From: Richard Sandiford <rdsandiford@googlemail.com>
To: Richard Guenther <richard.guenther@gmail.com>
Cc: gcc@gcc.gnu.org
Subject: Re: RFC: Representing vector lane load/store operations
Date: Tue, 22 Mar 2011 19:43:00 -0000 [thread overview]
Message-ID: <87k4frlz5c.fsf@firetop.home> (raw)
In-Reply-To: <AANLkTi=mKUpvPTvcz83QoyufYDodcc_DeLut-mrVHqs0@mail.gmail.com> (Richard Guenther's message of "Tue, 22 Mar 2011 18:10:19 +0100")
Richard Guenther <richard.guenther@gmail.com> writes:
> Simple.

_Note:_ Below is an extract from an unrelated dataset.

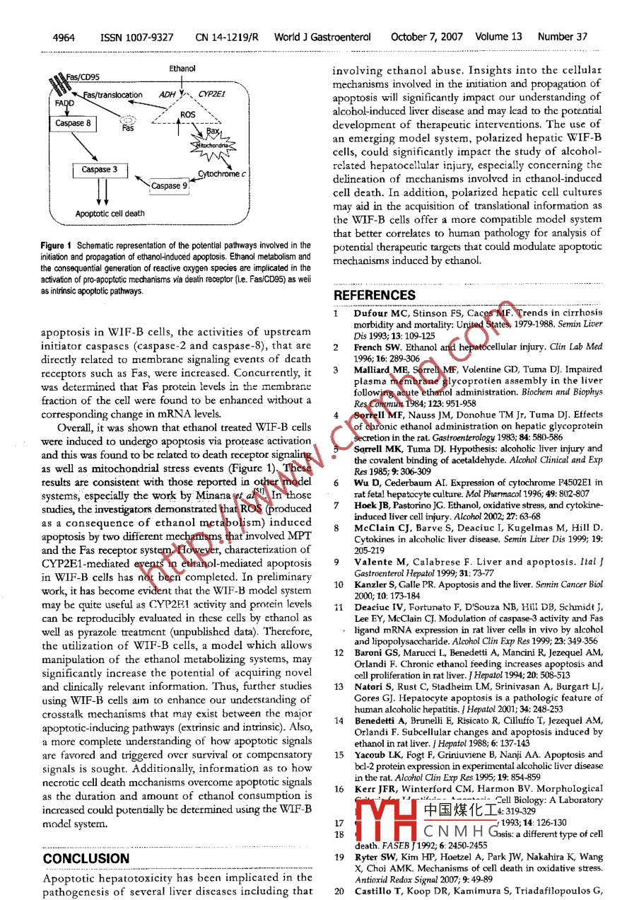 oNatalia A Osna, MD, PhD, Series EditorEffect of ethanol on pro-apoptotic mechanisms in polarizedhepatic cellsBenita L McVicker, Dean Tuma, Carol A CaseyBenita L McVicker, Dean J Tuma, Carol A Casey, Liver Key words: Hepatoma hybrid cells; Ethanol; Apoptosis;Study Unit, Department of Veterans Affairs Medical Center; and Fas receptor; CaspaseDepartments of Intermal Medicine and Biochemistry moleculariology, University of Nebraska Medical Center, Omaha, NE MCVicker BL, Tuma D), Casey CA. Effect of ethanol on pro-Supported by the National Institute on Alcohol Abuse and apoptotic mechanisms in polarized hepatic cells. World JAlcoholism and the Departinent of Veterans AffairsGastroenterol2007;13(37):4960-4966Correspondence to: Benita L McVicker, PhD, veterans AffairsMedical Center, Research Service (151), 4101 Woolworth Avenue,http:!www.wignet.com100927131908Omaha, NE 68105, United States. bmevicker @ unmc.eduTelephone:+1-402-3468800-3547Fax:+1-402-4490604Received: June 30. 2007Revised: July 18, 2007INTRODUCTIONIt has been well established that chronic ethanol consump-Abstraction can lead to a variety of pathological consequences(ethanol-relateed liver injuries such as hepatomegaly,Chronic ethanol consumption is associated with serious fatty liver, alcoholic hepatitis and cirrhosis), yet theand potentially fatal alcohol-related liver injuries such as mechanism(s)by which ethanol causes hepatotoxicityhepatomegaly,alcoholic hepatitis and cirrhosis. Moreover, requires further clarification From several years oft has been docume nted that the clinical progression investigation, certain factors have been identified as havingwith an increase in hepatocellular death that involves a role in ethanol-induced toxicity, such as changes inapoptotic mechanisms. Although much informationredox status(NAD/NADH ratio), the accumulation ofhas been learned about the clinical manifestations acetaldehyde(a product of ethanol oxidation), depletionassociated with alcohol-related diseases, the search of antioxidants such as glutathione, and the generation ofcontinues for a better understanding of the molecular reactive oxygen species(roS). As a consequence, it hasind or cellular mechanisms by which ethanol exerts itsen demonstrated that amongst the various deleteriousdeleterious effects such as the induction of pro-apoptoticeffects that can result from ethanol administration, it hasmechanisms and related cell damaging events. As part been shown that alcohol-induced diseases are accompaniedof the effort to enhance our understanding of those by morphological liver changes that include the increasedparticular cellular pathways and mechanisms associated production of apoptotic cells". More specifically, itvith ethanol toxicity, researchers over the years have has been demonstrated that ethanol administration isutilized a variety of model systems. Recently, work linked to hepatocyte apoptosis" 4 and that the numberhas come forth demonstrating the utility of a hybrid of apoptotic cells detected in the liver correlates withstudy of alcohol-associated alterations in hepatocellularchanisms Success with such emerging modelApoptosis is a regulated mode of cell death, which issystems could aid in the development of potential chatacterized by specific biochemical and morphologicaltherapeutic treatments for the prevention of alcoholchanges in the cell. Morphologically, during inductioninduced apoptotic cell death that may ultimately serve of apoptosis, the affected cells shrink, lose cytoskeletalas a significant target in delaying the onset and/orprogression of clinical symptoms of alcohol-mediated contacts and undergo chromatin condensation. duringliver disease. This review article summarizes the currentunderstanding of ethanol-mediated modifications in cellsurvival and thus the promotion of pro-apoptotic eventswith emphasis on analyses made in various experimentalCTH中國(guó)煤化工 d and eliminatedCNMH Gg cells!. The searchodel systems, particularly the more recentlyical anu signal transduction pathwayscharacterized WIF-B cell systeminvolved in producing the characteristic apoptoticmorphological cellular changes has been unde@2007 The WG Press. All rights reservedseveral years. The current dogma is that apoptosis isw而點(diǎn)教播McVicker BL et al Ethanol-mediated apoptosis in hepatic cellsthought to occur by two main pathways involving either an cthanol, apoptosis is the preferential mode of injuryextrinsic route(which utilizes death receptors), and/or an as death was found to be triggered by the Fas receptorintrinsic pathway that involves mitochondrial intracellular system". 'Thus, ethanol administration is related to cellularstress signals". Once triggered, the apoptotic machinery injury mechanisms, yet a complete understanding of theis set into motion through the activation of a family of presumably intertwined factors that can be involved inintracellular cysteine proteases known as caspases, which hepatotoxicity is still sought. The following is a briefamplify appropriate signals by acting as initiators as well as revicw of current knowledge concerning the factorsexecutioners in the death program. For instance, there are identified in alcohol-mediated apoptotic liver damagedownstream executioner enzymes(caspases 3, 6, and 7)that are activated by upstream initiator caspases(caspases 8, Oxidative stress and alcohol-induced liver apoptosis2,9, and 10) that are in turn regulated by specific protein- Following the recognition that ethanol and its metabolitesprotein interactions. As an example, caspases may be induce the formation of reactive oxygen species(ROS)invated in an extrinsic manner by membrane signaling liver cells; studies were able to link the ethanol-mediatedevents(death domain transmembrane receptors)and/ or induction of oxidative stress to the observed enhancementby intracellular intrinsic changes resulting in the release of of apoptosis. Specifically, it has been demonstratedspecific proteins from the m

Just make them registers anyway (I did that in the past
> when working on middle-end arrays). You'd set DECL_GIMPLE_REG_P
> on the decl.
OK, thanks, I'll give that a go. TBH, I'm still hopeful we can
do without it, because we do seem to cope quite well as things stand.
But I suppose that might not hold true as the examples get more complicated.
> 4. a vector-of-vectors type
>
> Cons
> * I don't think we want that ;)
Yeah :-)
>> __builtin_load_lanes (REF : array N*M of X)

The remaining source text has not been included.